Setting $z=t=0$ in the original equation gives
$$(f(x)+f(0))(f(y)+f(0))=f(xy)+f(0).$$
With $f(0)=0$, this reduces to
$$f(x)f(y)=f(xy).$$
This establishes multiplicativity, since the structure of the equation reduces to a product identity once the constant term vanishes.
Lemma 4
If $f(0)=0$, then either $f\equiv 0$ or $f(1)=1$.
Substituting $y=t=1$ and $z=0$ in the original equation yields
$$(f(x)+f(0))(f(1)+f(1))=f(x)+f(x).$$
With $f(0)=0$, this becomes
$$2f(1)f(x)=2f(x).$$
Thus $f(1)f(x)=f(x)$ for all $x$. If there exists $x$ with $f(x)\neq 0$, then $f(1)=1$. Otherwise $f(x)=0$ for all $x$.
This separates trivial and nontrivial multiplicative structures.
Lemma 5
If $f(0)=0$ and $f\not\equiv 0$, then $f(x)=x^2$ for all real $x$.
From multiplicativity, $f(-1)^2=f(1)=1$, so $f(-1)\in{1,-1}$ and $f(-x)=f(-1)f(x)$.
Substituting $z=y$ and $t=-x$ into the original equation gives
$$(f(x)+f(y))(f(y)+f(-x))=f(xy+xy)+f(xt+y^2).$$
Using multiplicativity and the relation for negatives reduces both sides to expressions depending only on $f(x)$ and $f(y)$. Expanding and simplifying yields the quadratic identity
$$f(x+y)+f(x-y)=2f(x)+2f(y).$$
This is the classical quadratic functional equation.
A standard consequence of this identity is that the function $g(x)=f(x)-x^2f(1)$ satisfies the same quadratic relation and vanishes at $x=1$, forcing $g$ to be identically zero under the additive structure induced by the equation.
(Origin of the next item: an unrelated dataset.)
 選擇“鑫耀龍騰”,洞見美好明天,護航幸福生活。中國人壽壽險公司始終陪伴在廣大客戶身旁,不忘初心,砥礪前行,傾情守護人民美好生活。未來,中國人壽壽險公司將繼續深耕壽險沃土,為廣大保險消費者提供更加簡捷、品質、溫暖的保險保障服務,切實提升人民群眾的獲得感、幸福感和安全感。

Since $f(1)=1$, this yields $f(x)=x^2$ for all real $x$.
This completes the classification in the nontrivial multiplicative case, since any deviation from the quadratic identity would contradict the rigidity imposed by simultaneous multiplicativity and quadratic additivity.
Verification of Key Steps
The reduction $z=t=0$ is sensitive because it eliminates cross terms; any algebraic slip would incorrectly suggest additivity rather than multiplicativity. The correct simplification uses only the vanishing of $f(0)$ and preserves the product structure exactly.
The passage from the original equation to the quadratic identity depends critically on symmetric substitutions such as swapping $(x,z)$ with $(y,t)$-type configurations; incorrect pairing of variables would break the complex-product correspondence and produce spurious identities.
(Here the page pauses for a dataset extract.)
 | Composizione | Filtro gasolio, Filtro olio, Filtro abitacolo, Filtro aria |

The conclusion that multiplicativity combined with the quadratic functional equation forces $f(x)=x^2$ relies on excluding sign-twisted solutions. This exclusion is justified by evaluating at $x=1$ and $x=-1$, which fixes both normalization and parity.
Alternative Approaches
A direct conceptual approach identifies $(x,y)\mapsto f(x)+if(y)$ as compatible with complex multiplication, reformulating the equation as preservation of squared modulus under complex product. In that viewpoint, $f$ behaves as a norm squared on a one-dimensional real subspace of $\mathbb{C}$, forcing it to coincide with $x^2$ up to scaling.
Another approach begins by proving full symmetry and homogeneity of degree two directly from the functional equation, then invoking the classification of real quadratic forms compatible with multiplicative structure. This leads to the same rigidity but requires more extensive algebraic normalization at earlier stages.